PLoS Medicine, John Drake investigates the limits of forecasting precision for directly transmitted diseases, and suggests epidemiologists shouldn't focus exclusively on the final size of an outbreak. He says the stochastic (chance) contact process by which outbreaks develop creates fundamental limits for the precision with which the final size of the outbreak can be predicted.
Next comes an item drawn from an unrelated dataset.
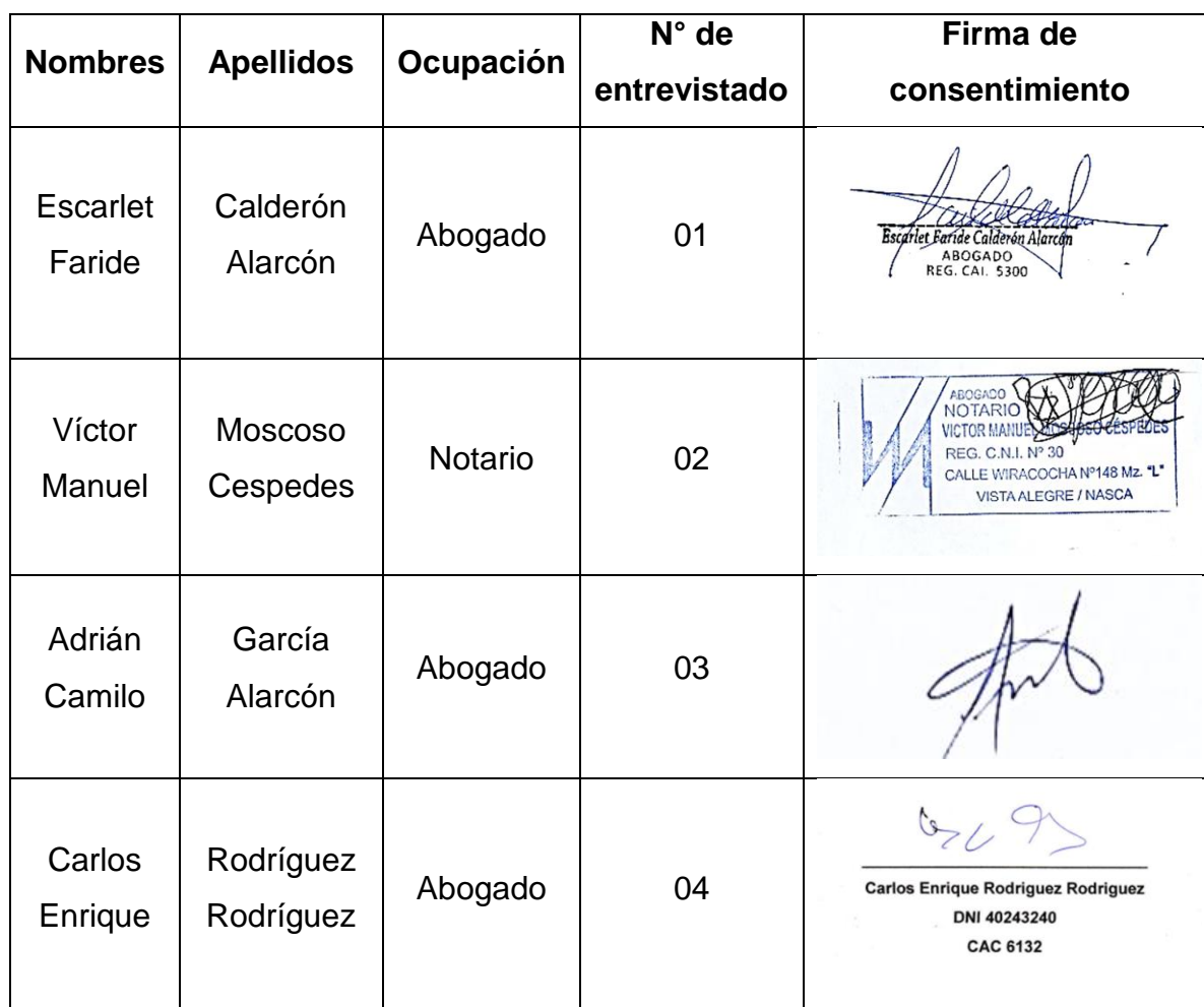
Tabla 1 Participantes

Moscoso de la Provincia de Nazca La Muestra será una parte considerable de la población seleccionada anticipadamente, ya que con ello se realzará la investigación. La muestra elegida dependerá de la calidad y de cuán representativo se quiere que sea el estudio de la población (Hernández y Mendoza, 2018). Para la muestra se seleccionaron a 10 especialista en notaria con amplia experiencia en casos de herencia y sucesión que a su criterio y las normas que rigen tal derecho puedan servir de análisis crítico y sustancial para la elaboración de resultados.

Drake modeled the expected final outbreak size in nine well-studied infectious diseases (chicken pox, diphtheria, measles, mumps, poliomyelitis, rubella, scarlet fever, smallpox, and whooping cough). He then applied his findings to a new model, a simple stochastic epidemic with delayed onset intervention, which represents actual outbreaks of emerging infections more realistically. He found that the final size of an outbreak is difficult to predict because of local environmental and disease-specific conditions. Also, outbreak dynamics are very susceptible to the seemingly random sequence of infectious contacts and the early removal of infectious patients from the unobserved stages of the outbreak.

The basic approach currently used by epidemiologists is to compare the average of the influencing factors with the basic reproductive ratio of the disease. This approach is fine for early warning systems, but for emerging diseases or sudden outbreaks, the final outbreak size can differ greatly from these straightforward calculations.

Drake says that a stochastic theory of epidemics, which accounts for probable changes, can better quantify whether an outbreak size can deviate from initial calculations and can account for changing removal rate and/or number of infectious contacts. He found that in epidemics the coefficient of variation in the final outbreak size was greater than one for outbreaks where the removal rate was less than about 2.41 times the contact rate. The removal rate changes when clinicians are able to increase their ability to diagnose and treat infected patients, he suggests. And, he says, the number of infectious contacts falls when the rising number of cases dilutes the remaining susceptible population. When testing these observations in a representative example, Drake found that the average outbreak size grew exponentially with the delay between the start of the outbreak and the implementation of the intervention, underscoring the importance of rapid intervention.

His findings stressed the point that rapidly starting control measures was important not only for controlling the final outbreak size but also for decreasing the variation in the final size of the outbreak. And epidemiologists should not just focus on predicting outbreak size, but also consider other characteristics, such as the timing of disease emergence.